Putting it all together, we should be able to list all subdirectories with fewer than 10 files (including sub-subdirectories) using

find . -depth -type d ! -name '.' -exec bash -c '
  shopt -s nullglob; files=( "$1"/* ); ((${#files[@]} < ${2:-10}))
  ' bash {} 10 \; -print0 | xargs -0

(you can adjust the number 10 after the bash {} for different thresholds - the ${2:-10} parameter expansion makes it default to 10 files if no second argument is given). For example, given

$ tree .
├── bar
│   ├── file1
│   ├── file2
│   ├── file3
│   ├── file4
│   ├── file5
│   ├── file6
│   ├── file7
│   ├── file8
│   ├── file9
│   └── other file
├── baz
│   ├── other file
│   └── subdir
└── foo
    └── somefile

4 directories, 12 files


find . -depth -type d ! -name '.' -exec bash -c '
  shopt -s nullglob; files=( "$1"/* ); ((${#files[@]} < "${2:-10}"))
  ' bash {} 10 \; -print0 | xargs -0
./foo ./baz/subdir ./baz

If that appears to be doing the right thing you can actually remove them by adding rm -rf but please be very careful with this - remember there is no 'undo'

find . -depth -type d ! -name '.' -exec bash -c '
  shopt -s nullglob; files=( "$1"/* ); ((${#files[@]} < ${2:-10}))
' bash {} 10 \; -print0 | xargs -0 rm -rf

(The xargs could be eliminated by using another -exec action to run rm more directly, but the formulation above makes it easy to generalize - print, stat, remove or whatever.)
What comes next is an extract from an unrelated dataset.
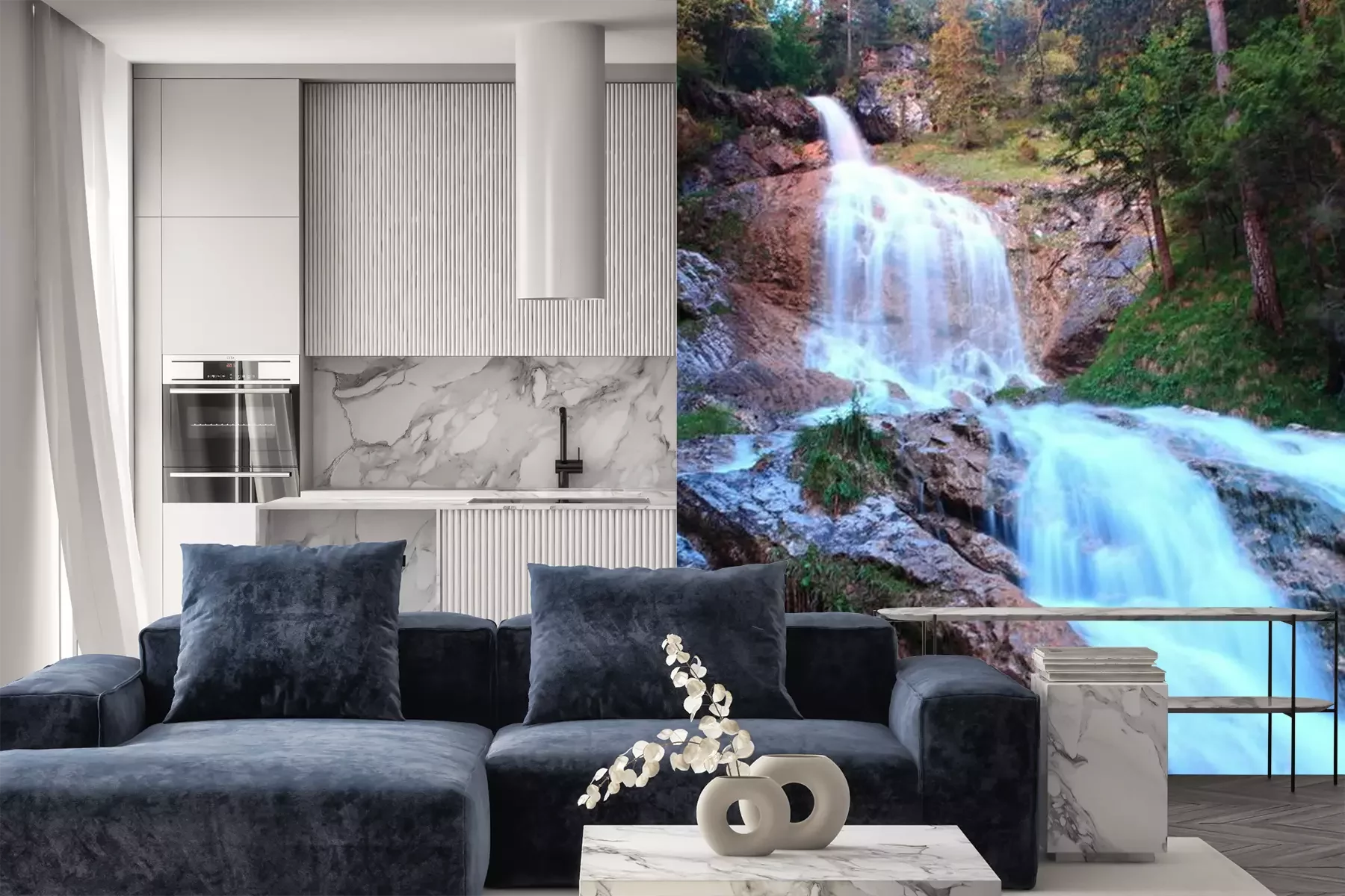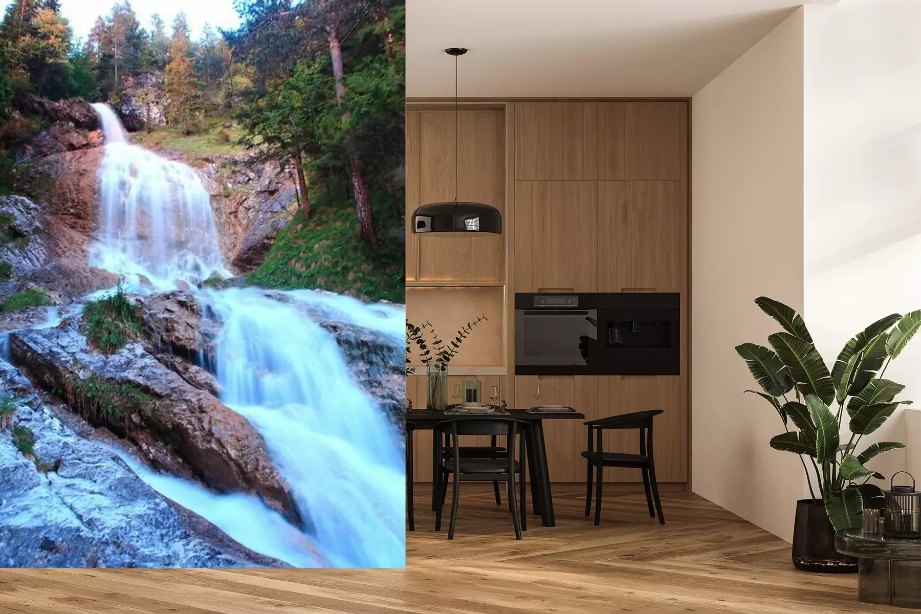 Het materiaal Premium+ is een gestructureerd vinyl op vlies met een gewicht van 255 g/m², dat kleine oneffenheden in de muur effectief camoufleert. De subtiele structuur van fijn zand geeft het oppervlak een exclusieve uitstraling, terwijl de halfmatte afwerking de diepte van de kleuren benadrukt. Het materiaal is dampdoorlatend, waardoor het ook in de keuken en badkamer kan worden gebruikt. De maximale breedte van één baan bedraagt 100 cm – bij grotere afmetingen wordt het fotobehang in meerdere gelijke banen verdeeld. De lijm wordt direct op de muur aangebracht en het behang wordt rand-aan-rand geplakt, wat zorgt voor een esthetisch resultaat zonder zichtbare naden. Het oppervlak kan gemakkelijk worden schoongemaakt door het voorzichtig af te nemen met een vochtige doek.
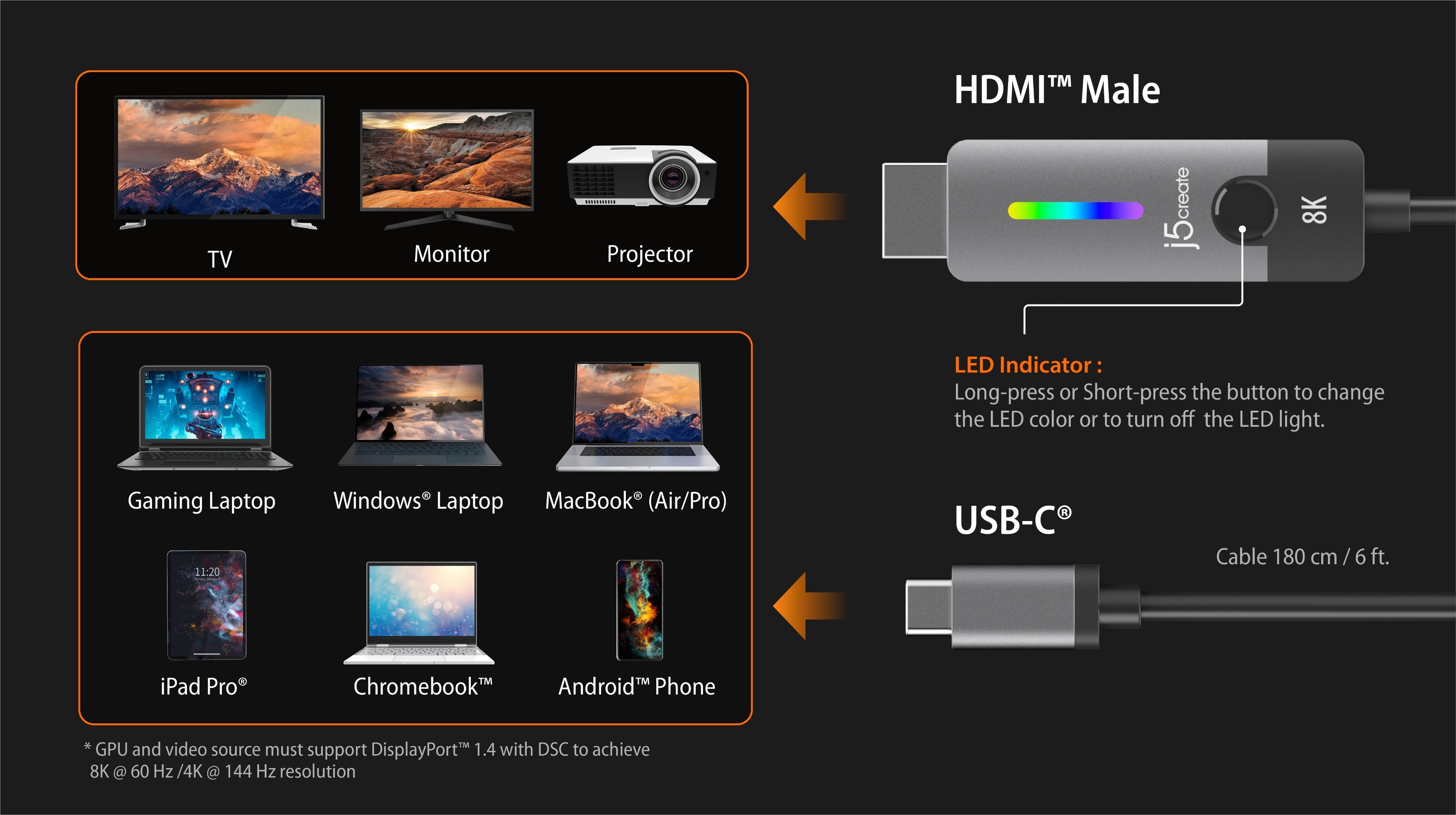 Наш кабель USB-C® до HDMI™ 2.1 8K дозволяє зручно підключити ігровий ноутбук, MacBook®, Chromebook™ або планшет до зовнішнього монітора 8K UHD / 4K 144Гц, 8K UHDTV, проектора та інших пристроїв відображення за допомогою входу HDMI™.

Note this will act recursively i.e. a directory that initially has more than n files including subdirectories may be removed as a result of some of those subdirectories themselves getting removed as find backs up the directory tree - the current directory is explicitly protected from possible deletion by the ! -name '.' test.

If you don't need it to act recursively, you can simply loop over directories and perform the same file count and test logic e.g. to remove all first-level directories containing fewer than 10 files in the current directory

shopt -s nullglob
for d in */; do
  files=( "$d"/* )
  ((${#files[@]} < 10)) && echo rm -rf -- "$d"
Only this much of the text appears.